**What is required**
In the entries below, which lines run from the one with "Botol Minum Infused" through the one with "Biustonosz marki Lupo."? Repeat exactly those, both included, and no pictures.

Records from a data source
· · · · · · ·

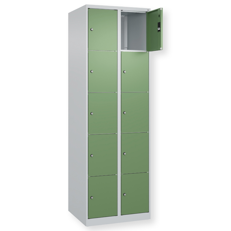 Schliessfachschrank Classic PLUS, 1 Abteil mit 5 Fächern, Abteilbreite 300 mm, Korpus aus stabiler Stahlkonstruktion mit hochwertiger Einbrennbeschichtung für hohe UV- und Korrosionsbeständigkeit, mit Bodengleitern als praktischer Schrank- und Fussbodenschutz, Türöffnungen 110 Grad, Türaufhängung rechts, Stahl-Türen mit Soft-Anschlag und geschlossenen Seitenprofilen für hohe Stabilität, Türaufhängung in stabilen Drehbolzen, 5 Zylinderschlösser mit 2 Schlüsseln, Schliesskreis bis 1000 verschiedene Schliessungen.
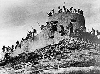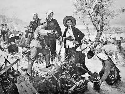 百团大战后,民兵在拆除日军防御工事。资料图片
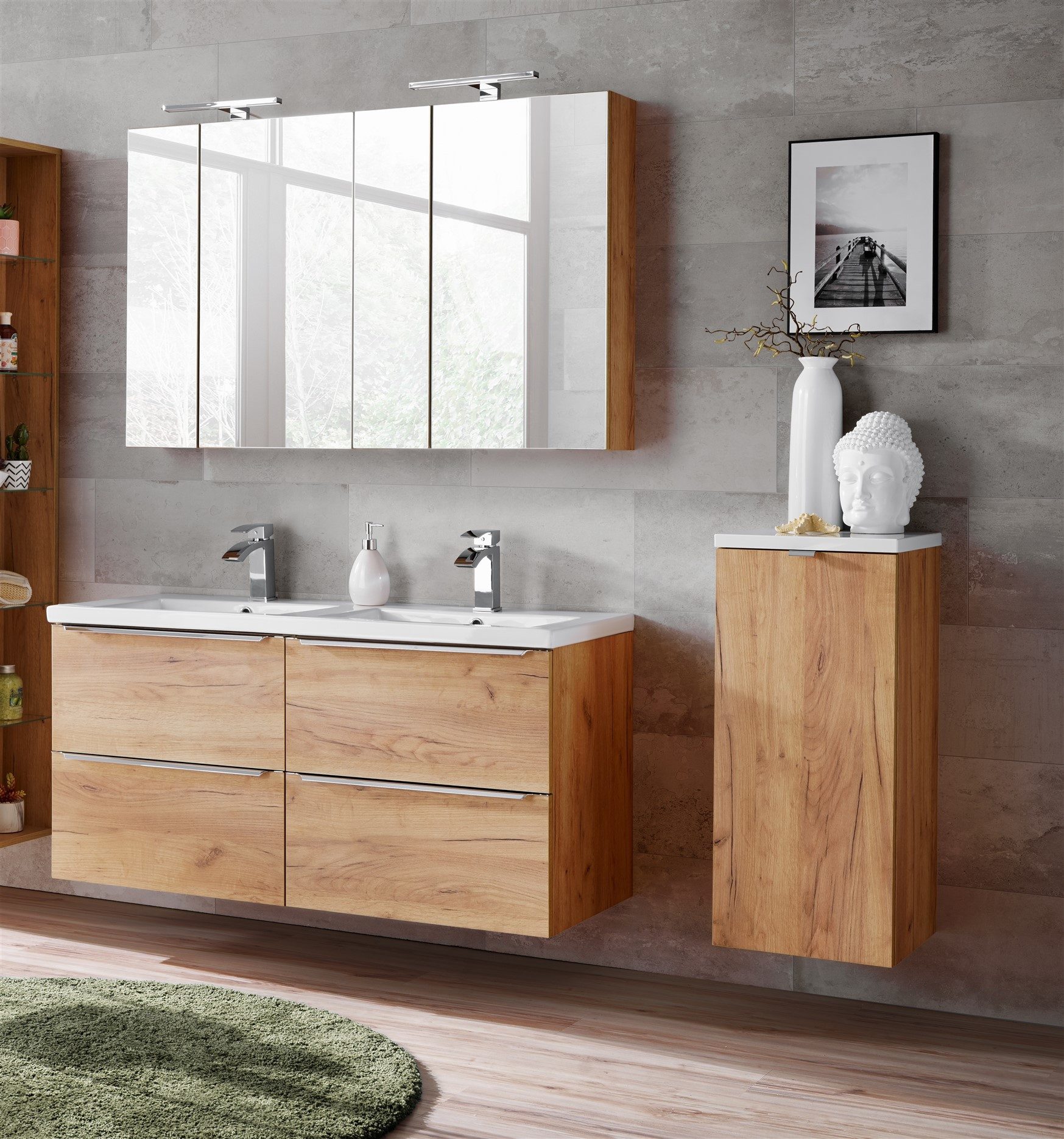Modellbezeichnung | Badmöbel Set 6-tlg Badezimmerset PERUGIA Gold Eich inkl.Waschbecken |
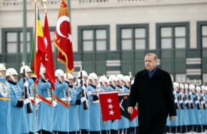 Turkish President Recep Tayyip Erdogan reviews a guard of honor at the presidential palace in
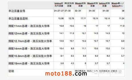 了解了原理以后,我們?yōu)榱艘窒苈放蛎洉r候所吃掉的油量,所以上磅的出油量一定要有一定的比例,所以口徑越大不一定越好的觀念,在這里可以得到證實。一般放大功率多半車廠都會選擇盡量不低于10倍,如果低于十倍,代表你的剎車力到手的力量要很大,但是如果高于17倍,你就得考慮到剎車系統(tǒng)的精密度了,如果功效倍率那么大,精密度卻不夠那也會導致剎車失靈。因為會產(chǎn)生過大的間歇,也就是出油量過低。
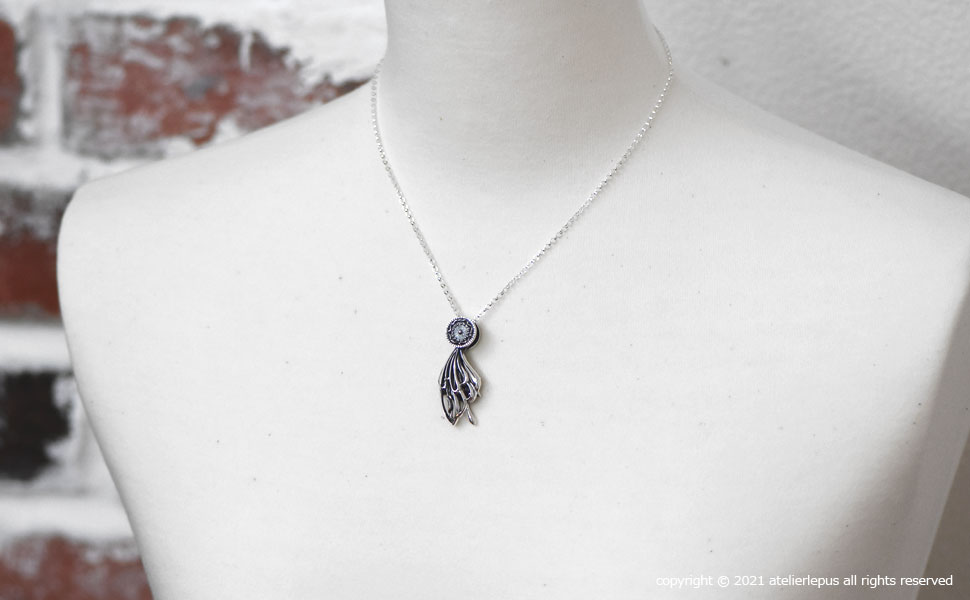 アゲハ蝶の上羽根と下羽根を組み合わせたシルバーペンダント。
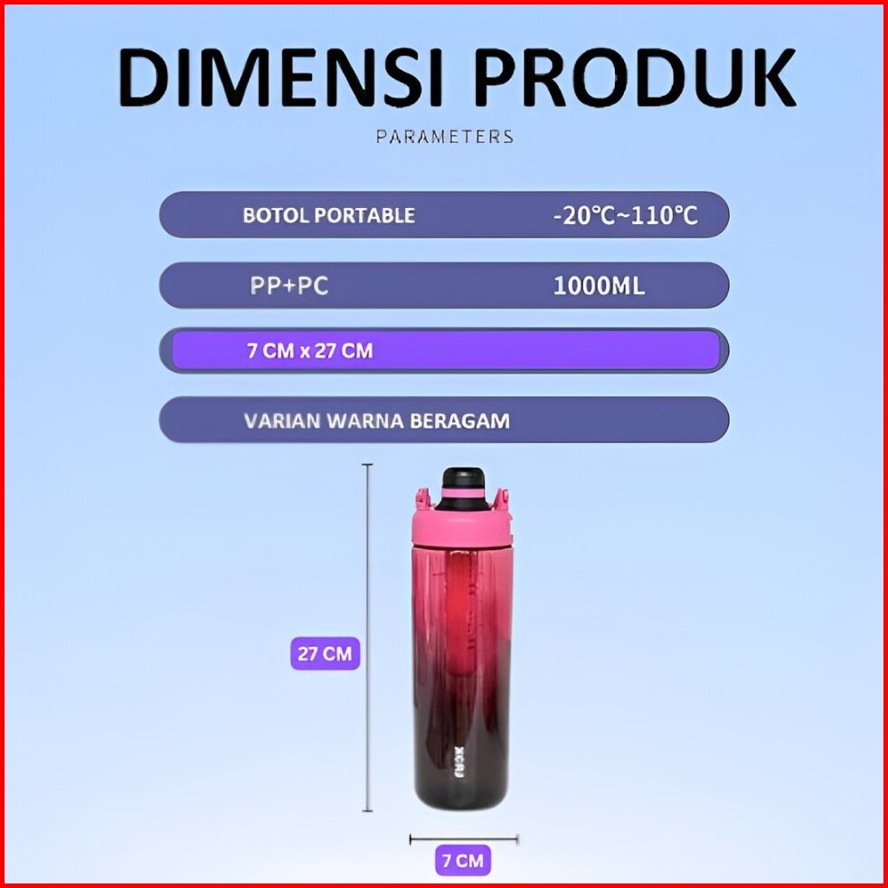 Botol Minum Infused Water 1000ml Dengan Gagang Botol Minum Gradasi Aestethic Botol Minum Transparan Snow
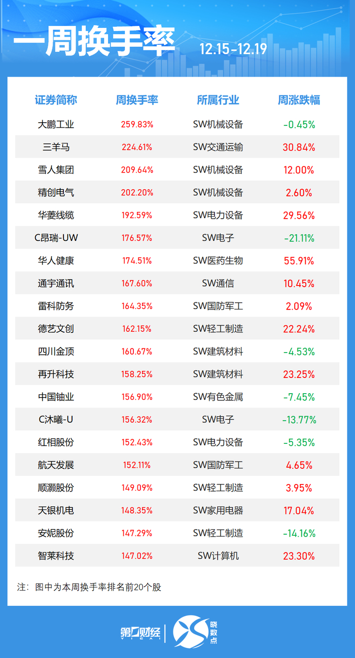 本周共有67只个股换手率超过100%。其中,大鹏工业排名居首,周换手率达到259.83%,三羊马周换手率224.61%,雪人集团周换手率209.64%。
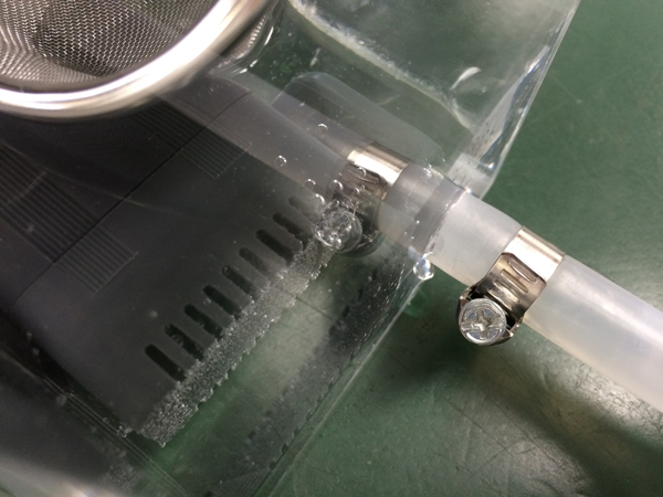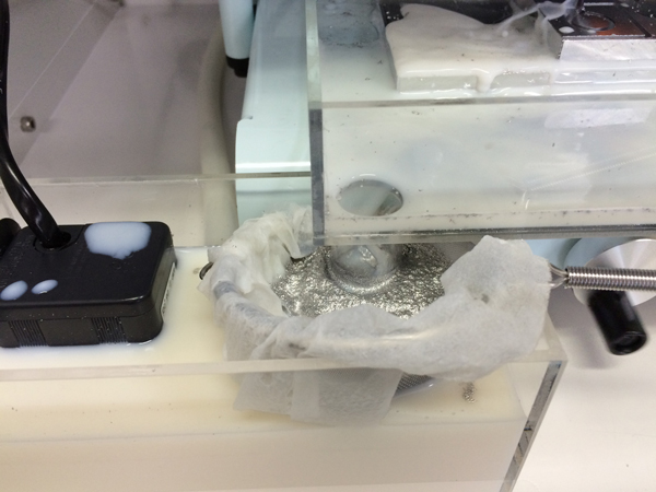 流れてきた切粉がここに溜まります。茶こしだけでは切粉が流れて行ってしまったので、キムワイプをフィルター代わりにしています。キムワイプは溶けださないし水の通りが良い、切粉が捨てやすいのメリットがありました。隣に見えるのが、水槽用のポンプです。このサイズながら、流量は十分でした。
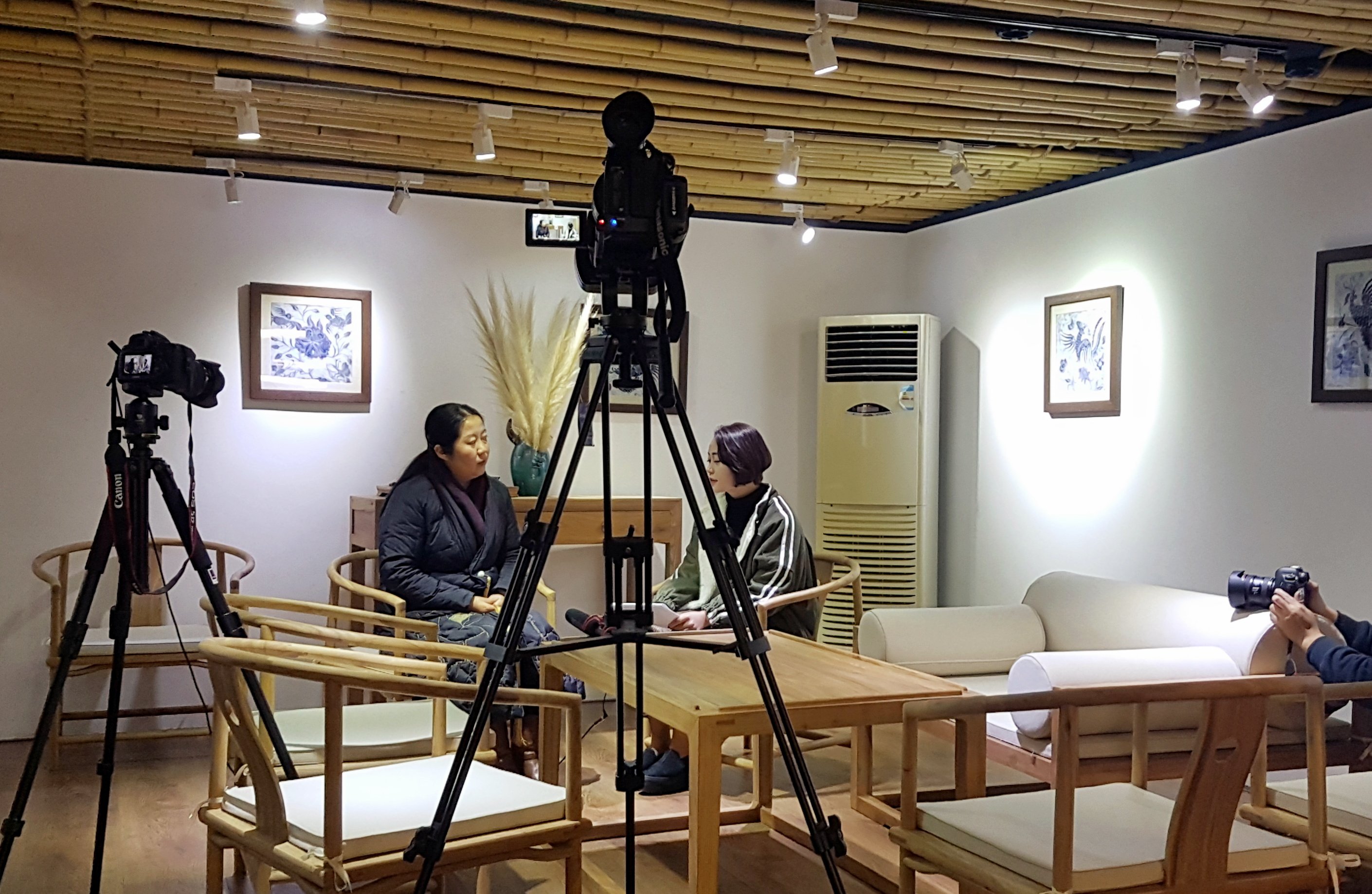 会后张老师与黔粹行的车红经理接受了艺术设计系心视觉工作室同学的采访。艺术设计系希望通过本次讲座为贵州民族文创产品创新研发,以及民族民间工艺品行业培养、储备人才。
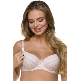 Biustonosz marki Lupo. Model 1732. Posiada druty, które podpierają piersi odpowiednio je kształtując. Produkt posiada regulowane ramiączka bez możliwości ich odpięcia. Haczyki do ramiączek plastikowe. Biustonosz zapinany na haftki. Miejsce zapięcia: tył. Dwa rzędy haftek pionowych. Trzy stopnie haftek poziomych. Produkt został wykonany z 70% poliamid, 20% elastan, 10% bawełna. Bielizna ma odpinaną miseczkę. Odzież ciążowa. Zalety produktu: elegancki wzorzysty ciążowy do karmienia. Produkt damski.
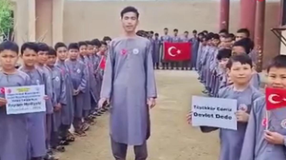MHP lideri Bahçeli’nin Afganistan’da bulunan, Andhoy Türkmen Evi Talebe Yurdunda eğitim gören yetim çocuklara, Bayram öncesi göndermiş olduğu temel ihtiyaçları ve kıyafetleri için, Andhoy da eğitim gören yetim çocuklar, MHP lideri Bahçeli’ye teşekkürlerini ifade ederek, "Teşekkür ederiz Devlet dede" diyerek sevinçlerini dile getiren bir video paylaştı.
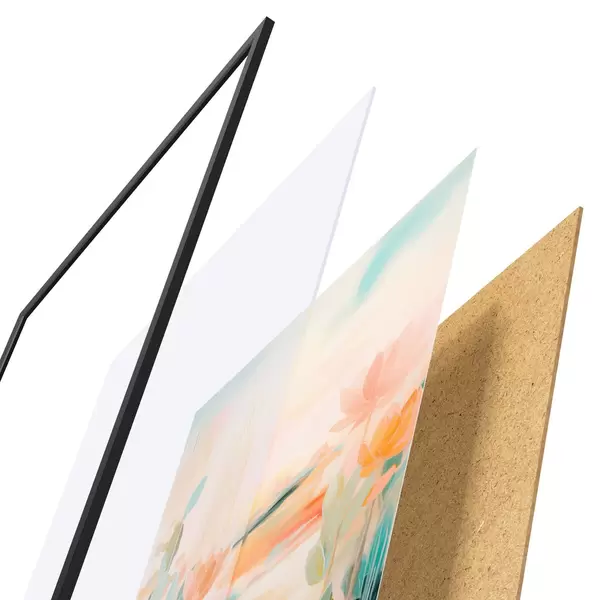 L’affiche encadrée est composée d’un cadre, d’un plexiglas, d’une image imprimée et d’un support en aggloméré. Elle est prête à être accrochée au mur grâce aux fixations situées à l’arrière.
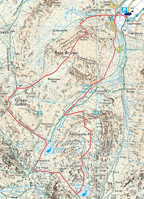 Seathwaite – Hanging Stone – Base Brown – Blackmoor Pols – Green Gable – Windy Gap – Styhead Tarn – Sty Head – Sprinkling Tarn – Great Slack on Seathwaite Fell – Seathwaite Fell – Taylorgill Force – Seathwaite
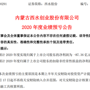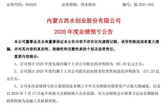 年报业绩季刚刚开始,市场就爆了一个巨雷。市值不足50亿元的西水股份,预计2020年扣非后净亏损271亿!主因是天安财险对投资资产计提大额减值。
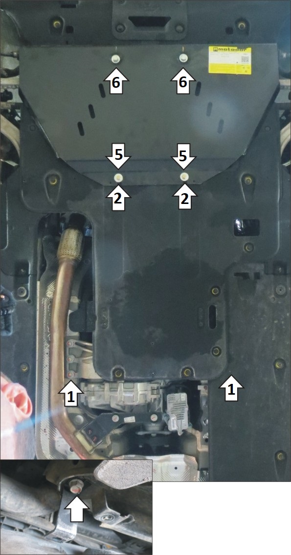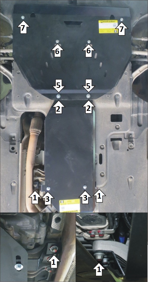 1. Отвернуть болты крепления поперечины коробки передач к кузову, установить под них балку и завернуть болты на место. 2. В отверстия в подрамнике подвески заложить планки ПУ 60х14х6 М8 и установить на них задний щит при помощи болтов М8х30 с шайбами и гр. шайбами 8. 3. Прикрепить задний щит к балке при помощи болтов М8х20 с шайбами 10 и гр. шайбами 8. 4. Снять штатный пыльник, под штатные болты подрамника прикрепить кронштейны. Вернуть на место пыльник, проделав в нём отверстия для кронштейнов. 5. Совместно с передними точками крепления заднего щита установить задние точки переднего щита. 6. В отверстия в подрамнике спереди заложить закладные планки М8 и прикрепить к ним передний щит при помощи проставок 10, болтов М8х40 с шайбами и гр. шайбами 8, предварительно сделва вырез в пыльнике. 7. Прикрепить щит к кронштейнам при помощи болтов М8х20 с шайбами и гр. шайбами 8. Затянуть весь крепеж.

· · · · · · ·

**Result of this exercise**
 Botol Minum Infused Water 1000ml Dengan Gagang Botol Minum Gradasi Aestethic Botol Minum Transparan Snow
 本周共有67只个股换手率超过100%。其中,大鹏工业排名居首,周换手率达到259.83%,三羊马周换手率224.61%,雪人集团周换手率209.64%。
 流れてきた切粉がここに溜まります。茶こしだけでは切粉が流れて行ってしまったので、キムワイプをフィルター代わりにしています。キムワイプは溶けださないし水の通りが良い、切粉が捨てやすいのメリットがありました。隣に見えるのが、水槽用のポンプです。このサイズながら、流量は十分でした。
 会后张老师与黔粹行的车红经理接受了艺术设计系心视觉工作室同学的采访。艺术设计系希望通过本次讲座为贵州民族文创产品创新研发,以及民族民间工艺品行业培养、储备人才。
 Biustonosz marki Lupo. Model 1732. Posiada druty, które podpierają piersi odpowiednio je kształtując. Produkt posiada regulowane ramiączka bez możliwości ich odpięcia. Haczyki do ramiączek plastikowe. Biustonosz zapinany na haftki. Miejsce zapięcia: tył. Dwa rzędy haftek pionowych. Trzy stopnie haftek poziomych. Produkt został wykonany z 70% poliamid, 20% elastan, 10% bawełna. Bielizna ma odpinaną miseczkę. Odzież ciążowa. Zalety produktu: elegancki wzorzysty ciążowy do karmienia. Produkt damski.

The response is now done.